The facts are as follows: Defendant is engaged in the business of mining iron ore, holding, among other properties, that known as the “Adams Mine,” situated near Eveleth, St. Louis county. In connection with its business it maintains and operates a railroad consisting of engines, cars, and employees necessary to operate the same. It is a narrow-gauge road. The engines are small, as are also the cars 'used thereon; the latter being of a dump-car variety. At the time complained of, the railroad and cars were being operated in the work of stripping the mine above mentioned, which consisted in removing the earth from the surface by means of steam shovels, depositing the same upon the cars, when they were run to a dump, a distance of about half a mile, and there unloaded, and returned to the mine. The entire track was about two or three miles in length. On the day in question two trains were being operated. As one was loaded at the mine and started on its journey to the dump to be unloaded, another train would be backed into the mine, and in turn proceed to the dump when loaded. Engines were attached to both ends of each train, and the trains were operated at a speed of about six or eight miles per hour, and were thus run both day and night.

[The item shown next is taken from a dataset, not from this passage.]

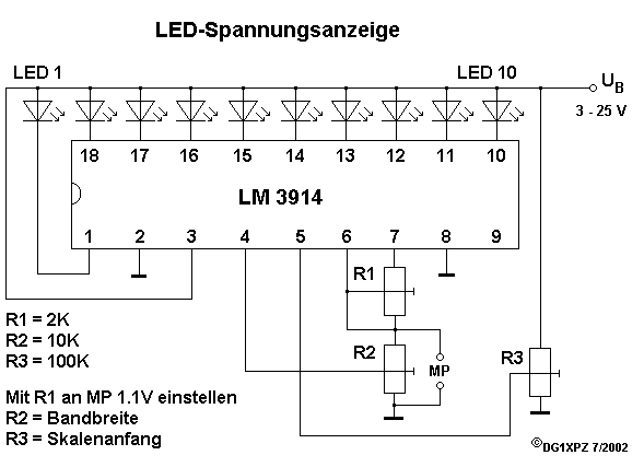 Für die Spannungsanzeige wurde aus Sparsamkeitsgründen der Dot-Mode gewählt (Pin 9 an Ub = Bargraph-Mode).
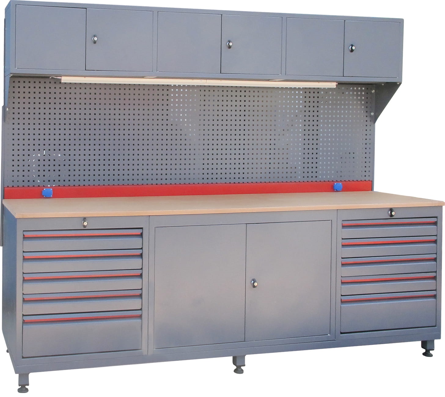 Panolu Çalışma Tezgahı, 10 Çekmeceli, Aydınlatmalı, 2 Prizli

*65Plaintiff was the engineer in charge of one of the engines attached to one of said trains. Associated with him was a brakeman, who had general supervision in the operation of the train, and did all necessary switching. The signals by which the trains were moved and brought to. a standstill were the same as those used in ordinary railroad work. Plaintiff had been operating the engine in question for about two weeks prior to the time of the accident. At the time in question he backed to one of the switches, intending to go upon a side track to permit the other train to pass, but some part of the engine refused to work properly, and he stopped for the purpose of making temporary repairs. He did not complete the repairs, however, but ran his engine down to the usual stopping place, where he brought it to a standstill, and again went about the work of repairs, which required him to go partly under the engine with his tools. Before commencing this work, he observed the brakeman going toward the switch to turn it so that the other train could pass on to the dump with its load, and he supposed that he had performed that duty. But for some reason the brakeman failed to turn the switch, and the approaching train came on with considerable speed, striking the cars to which was attached the engine on which plaintiff was at work, forcing the same over his arm, and injuring- it to such an extent that amputation was necessary, and bruising and wounding him in other respects. This action was-brought to recover damages on the ground of the alleged negligence of plaintiff’s fellow servants, solely by reason of which plaintiff was injured." Plaintiff had a verdict for $5,000, which was set aside by order of the trial court, and final judgment ordered for defendant on the ground, as we understand the memorandum-of the trial court, that section 2701, G. S. 1894, as construed by this court in Schus v. Powers-Simpson Co., 85 Minn. 447, 89 N. W. 68, is unconstitutional and void. The sole question presented by the briefs of counsel in this court is the validity of that statute as applied to defendant and the railroad operated by it.

The statute provides:

Every railroad corporation owning or operating a railroad in this state shall be liable for all damages sustained by any agent or servant thereof by reason of the negligence of any other agent or servant thereof, without contributory negligence on his part, *66when sustained within this state, and no contract, rule, or regulation between such corporation and any agent or servant shall impair or diminish such liability: provided that nothing in this act shall be so construed as to render any railroad company liable for damages sustained by any employee, agent, or servant, while engaged in the construction of a new road, or any part thereof, not open to public travel or use.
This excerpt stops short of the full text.